Propane is produced from natural gas at processing plants and from crude oil at refineries. Propane produced from natural gas has been the fastest-growing component of overall U.S. propane supply. Propane production in the United States has set record highs on an almost weekly basis in 2013 as a result of increased oil and natural gas drilling. A record corn crop harvest has increased the demand for propane (shown in the graph above as product supplied) in the central United States. Expanded propane production met this agricultural demand, while continuing to supply other markets.
A record-setting corn harvest is currently underway in the United States. According to the U.S. Department of Agriculture, corn production is forecast to be a record 14.9 million bushels in 2013-14. Corn must be dried to a 15 percent moisture content before it can be stored to avoid mold and other quality problems. Because propane is used for crop drying, a wet growing season in the Midwest combined with the largest corn yield in U.S. history has greatly increased the demand for propane. Thus far, Indiana, Iowa, Minnesota, Montana, Nebraska, South Dakota, and Wisconsin have declared states of emergency to allow for more delivery of propane throughout the Midwest.

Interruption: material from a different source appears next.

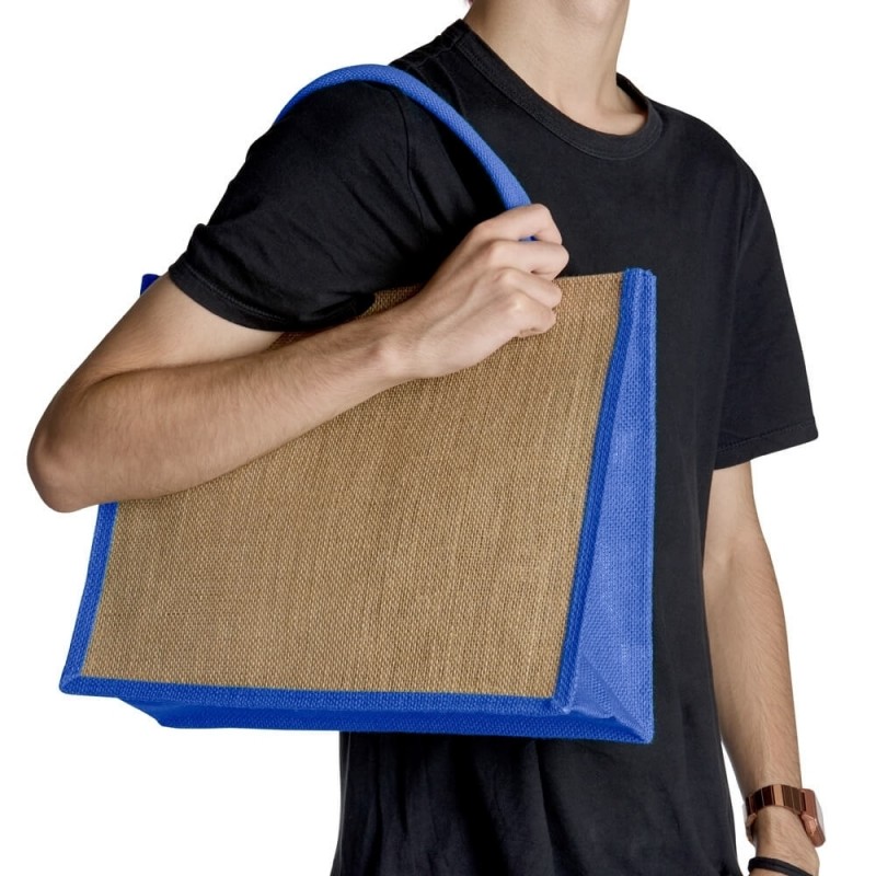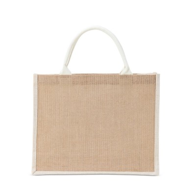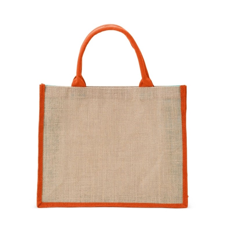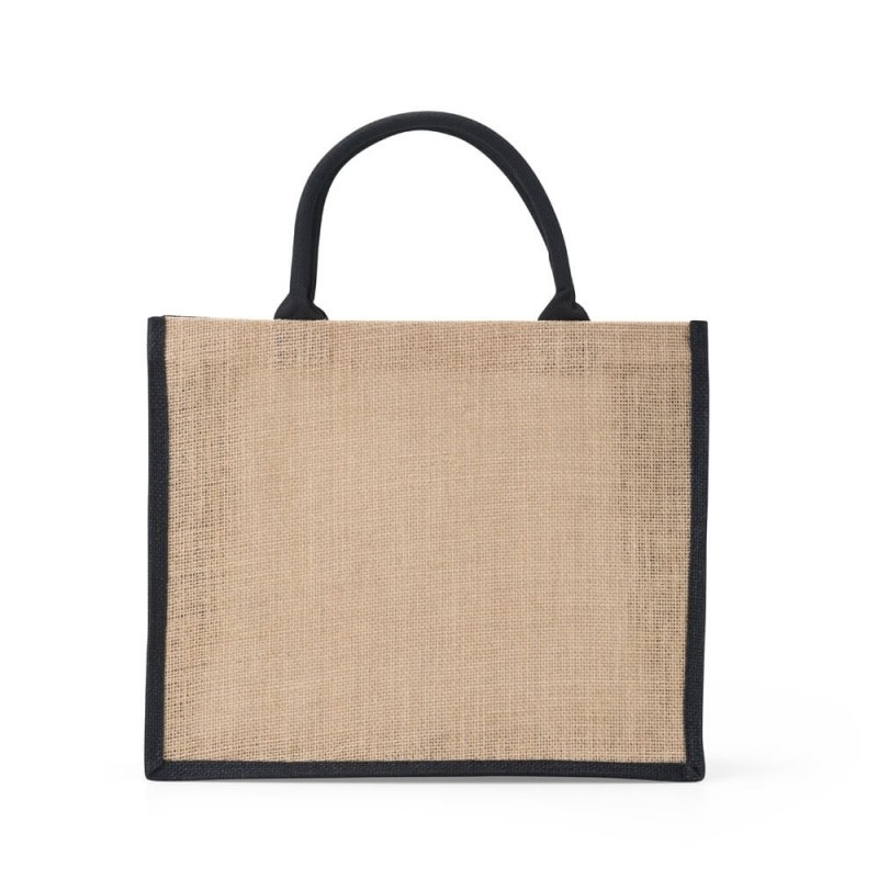 Esta sacola é fabricada em juta, uma fibra natural conhecida pela sua alta resistência e durabilidade. O modelo apresenta um acabamento limpo, com as alças de mão costuradas diretamente na parte interna da sacola, o que reforça a estrutura para suportar o peso de compras ou objetos pessoais sem descosturar.

According to EIA weekly data, demand for propane is currently at the highest level ever recorded for November. For the week ending November 1, the United States consumed nearly 1.8 million barrels per day-a figure typically not seen until January or February, when the winter heating season reaches a peak. As a result, propane inventories in PADD 2 (Propane Administration for Defense District for the Midwest) have fallen to their lowest level for November since 1996. Along with spiking domestic demand, competitively-priced U.S. propane exports have also surged. Exports from the United States are currently estimated to be 288,000 barrels per day, not far from the record of 308,000 barrels per day set in May 2013.
This boost in propane demand has created a spike in propane prices across the country. The winter heating season is just beginning to affect consumption figures, so propane demand for the 2013-14 season could continue at a record pace into the spring.